━━ Exercise materials
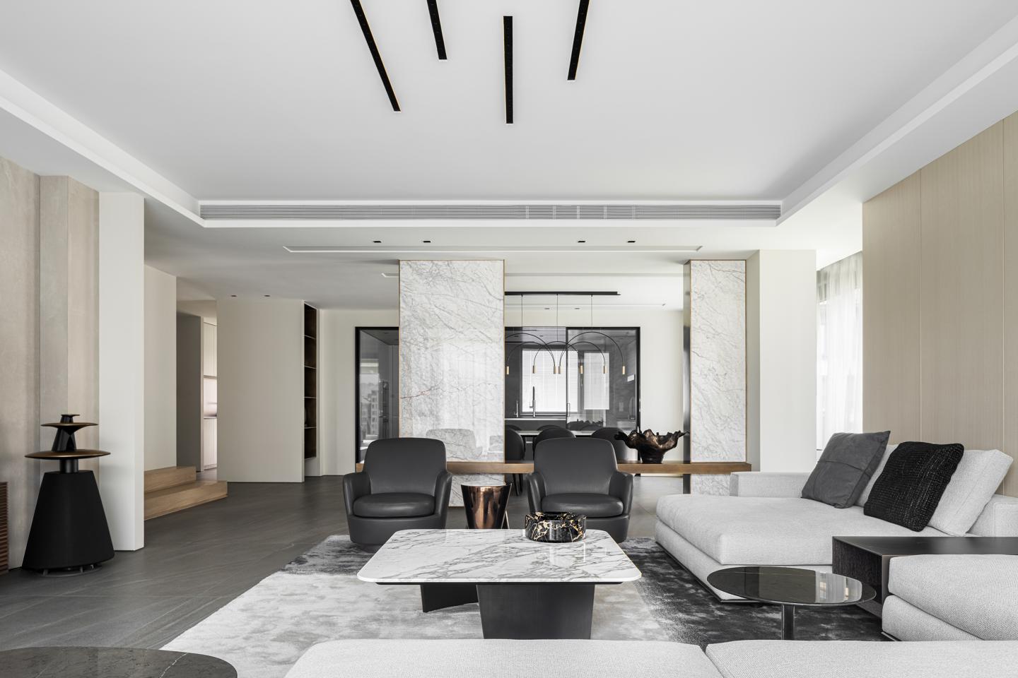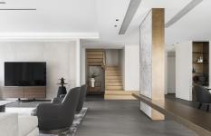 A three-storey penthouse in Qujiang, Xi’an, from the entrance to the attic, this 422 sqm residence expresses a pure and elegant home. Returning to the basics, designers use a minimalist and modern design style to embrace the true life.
━━━━
━━ Exercise materials
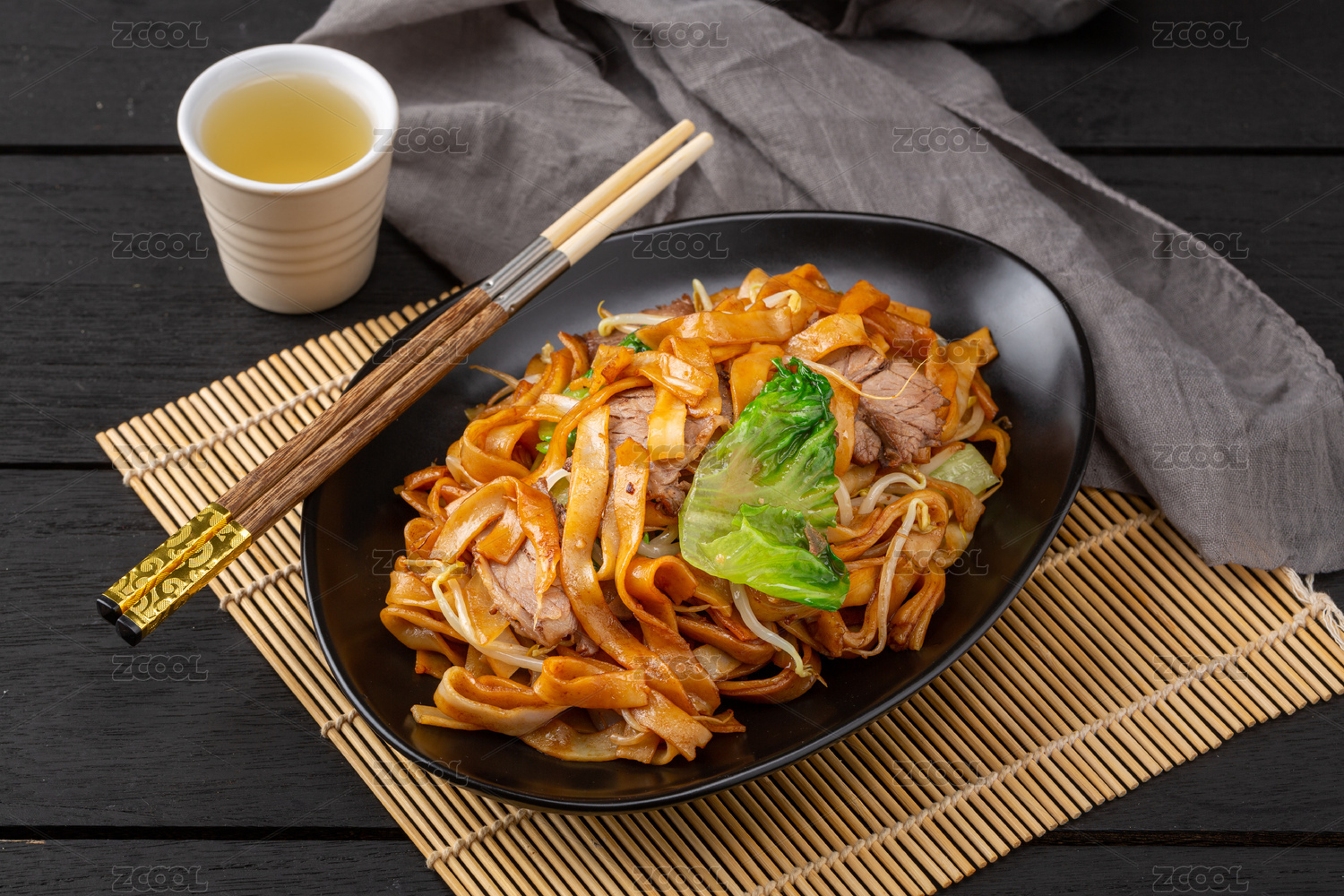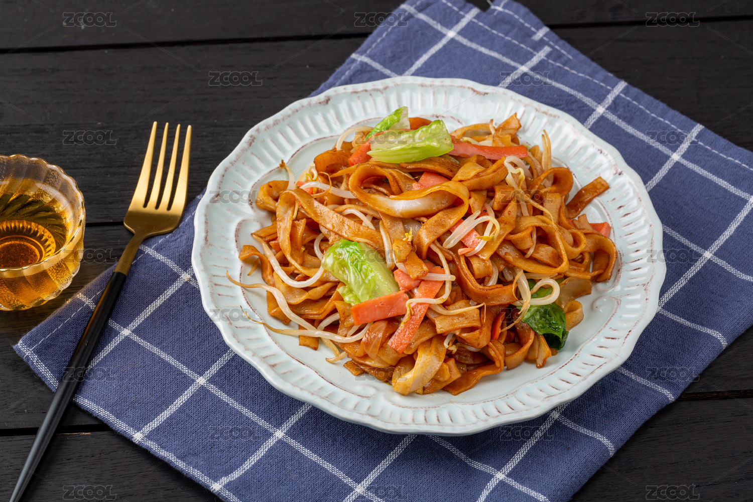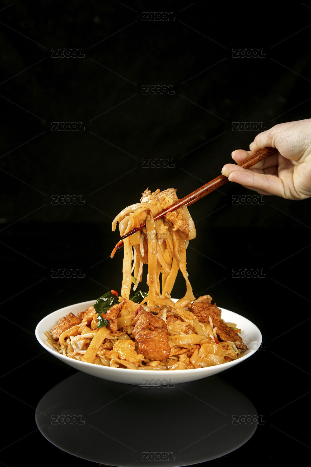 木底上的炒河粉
━━━━
━━ Exercise materials
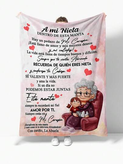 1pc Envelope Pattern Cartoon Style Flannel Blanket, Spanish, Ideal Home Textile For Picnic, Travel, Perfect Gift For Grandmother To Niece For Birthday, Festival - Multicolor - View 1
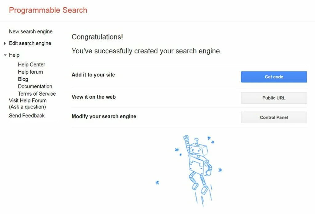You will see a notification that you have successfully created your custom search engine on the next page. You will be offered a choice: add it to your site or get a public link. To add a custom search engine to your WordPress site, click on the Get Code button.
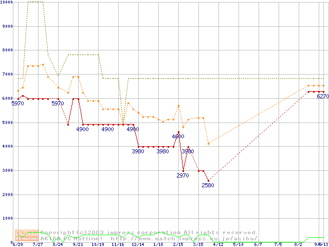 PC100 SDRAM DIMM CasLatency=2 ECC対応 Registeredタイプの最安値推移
━━━━
What the task requires: Lines from the one above containing "You will see" down to the one containing "PC100 SDRAM DIMM" should be transcribed exactly, with both ends kept and no pictures.

Reply:
You will see a notification that you have successfully created your custom search engine on the next page. You will be offered a choice: add it to your site or get a public link. To add a custom search engine to your WordPress site, click on the Get Code button.
 PC100 SDRAM DIMM CasLatency=2 ECC対応 Registeredタイプの最安値推移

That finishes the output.